В ту ночь, первую ночь замужества, Ганна долго не могла уснуть. Отодвинувшись от Евхима, отвернувшись, стараясь не слышать, как он храпит, лежала она, опустошенная, усталая, отупевшая от пережитого, от недавнего гомона, от самогонного дурмана. Лежала в душной темноте, казалось, забытая всеми, оставленная, одна-одинешенька во всем свете.
"Вот и всё", - словно прорываясь сквозь туман, думала она с такой тоской, будто настал конец света. "Всё, всё", - говорили, беспрерывно повторяли ей ходики на стене. "Что - всё?" - теряла, старалась она снова уловить смысл этого "всё"

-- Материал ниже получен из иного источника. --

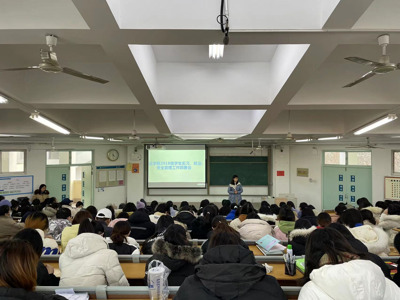 12月27日,永乐高131net于西校区11号楼C-310召开全体2018级毕业生实习、就业、安全管理工作部署会,对研究生考试结束后一段时间内2018级学生的实习、就业、毕业论文等事务进行讲解与安排。学院法学系主任刘海江、团委辅导员刘凤芹、史仁扩等多位老师出席,大会由沈春燕主持。

и часто не могла вернуть хоть какую-то ясность голове, которая, полна была неподатливым, тяжелым туманом.
"Все равно. Рано или поздно... Никто не минует... Привыкну как-нибудь... Все привыкают, и я - тоже..." - прорывались порою в голове тяжелые, тягучие мысли, потом снова все пропадало в тумане и отупении.
Во дворе то одна, то другая, то обе сразу, звеня цепями, лаяли, выли собаки. Одна - басовито, степенно, вторая - подетски, визгливо, очень злобно, захлебываясь. Ночные сторожа не спали, охраняли Глушаково добро, их лай переплетался с храпом рядом, с храпением за стеной, с мерным тиканьем ходиков - звуками, которые все время напоминали, что она в чужом доме, в чужой жизни.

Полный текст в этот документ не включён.